Edison High School is a private high school in Portland, Oregon, United States. Edison High School is open to students who have learning differences such as Dyslexia, Attention Deficit Disorder (ADD), & Attention Deficit Hyperactivity Disorder (ADHD). Edison is located on the campus of Jesuit High School and students go back and forth to take classes at both schools.

==History==
Edison was founded in 1973 as the Tree of Learning. For many years, students were taught in portable classrooms on the Jesuit High School campus.

In 1992, Edison moved into a new building and changed the school's name to Thomas A. Edison High School in honor of the famed American inventor who had a learning difference. In 2014, they streamlined the school's name to Edison High School. Students also take classes in a satellite building in the Valley Plaza next door.

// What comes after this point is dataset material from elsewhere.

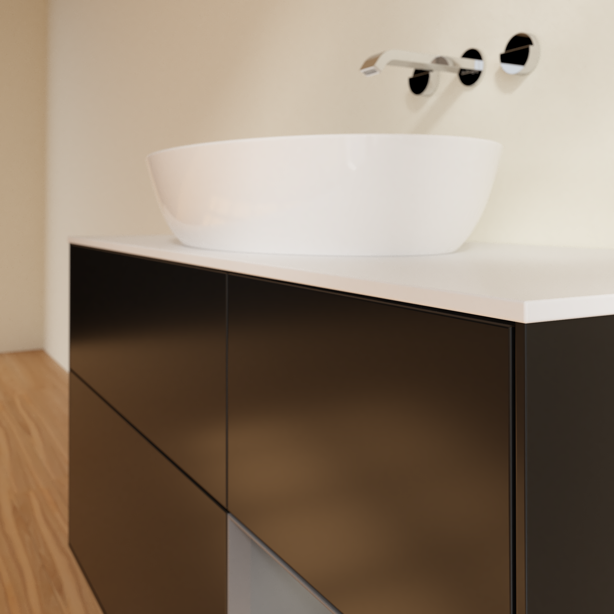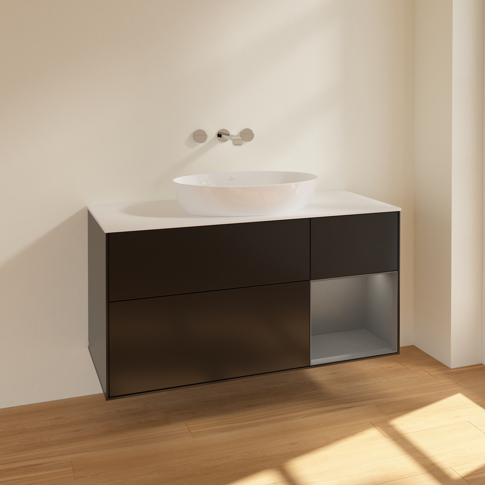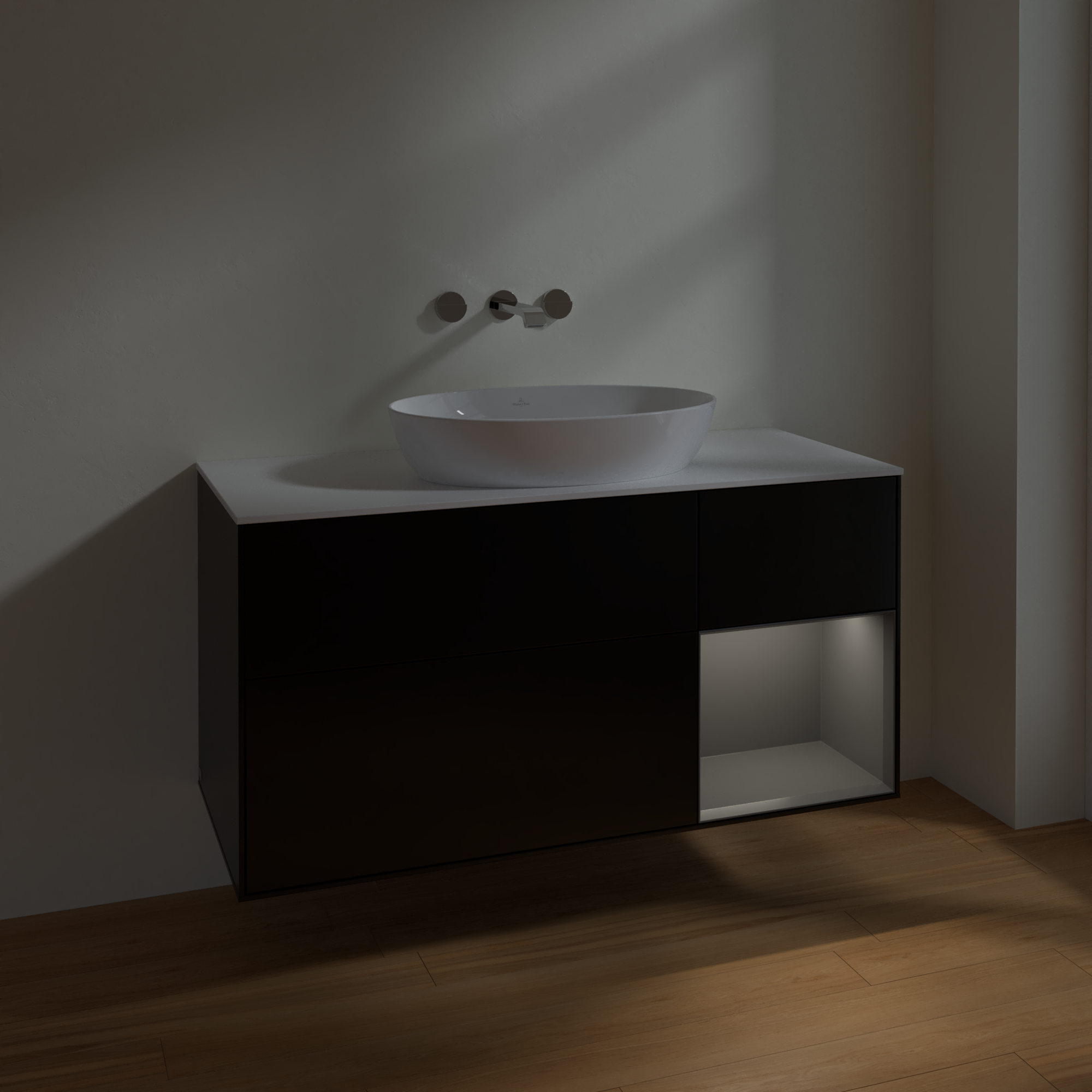 Finion Meuble sous plan, avec éclairage, 3 tiroirs sur rails, 1200x603x501mm, Caisson: Black Matt Lacquer, Façade: Black Matt Lacquer, Élément d’étagère: Anthracite Matt Lacquer, Plaque de recouvrement: Glass White Matt

The former school Director, Patrick J. Maguire, joined the school in 1984 and became the director in 2000. Maguire retired in 2018. The philosophy of Edison High School is that learning proceeds from the creation of trusting relationships and a supportive community. At Edison, it all begins with their teaching staff of twenty-seven faculty members, which includes fourteen teachers; two Licensed Professional Counselors and a Licensed School Counselor, all with master’s degrees; one transition specialist; and administrative and development staff. There is relatively low faculty turnover. The Edison High School Board is composed of dedicated individuals from a variety of backgrounds who generously offer their knowledge, talents, and experience to serve the school and its students.

==Admission==
Edison is the only private high school in Oregon specifically designed to meet the needs of students with complex learning differences. Because no two students are alike, Edison takes a customized approach to learning, offering individual attention when and where it is needed. Within the small and supportive academic environment, students develop strong relationships with faculty members who become familiar with their learning styles. Edison students gain self-discipline and organizational skills, practice self-advocacy and build confidence in their ability to learn, alongside their academic studies. In addition, they:
- Have a shorter school day than most mainstream high schools
- Begin classes later than most high schools, which has been proven to be beneficial for teenagers
- Maintain a very low student:teacher ratio of ten to one.
Edison is a four-year, full-service high school program with a strong record of academic success. The vast majority of their students receive their high school diplomas and most Edison students continue their education beyond a high school diploma. About one-third of the graduates go on to a four-year college, while two-thirds of students attend a two-year institution, enter the workforce or work while continuing post-graduate education. All students who earn their diplomas from Edison receive career awareness and guidance through the transition program.

Edison High School is a charitable corporation under section 501(c)(3) of the IRS code.

The school's official tagline is: "Your potential. Illuminated."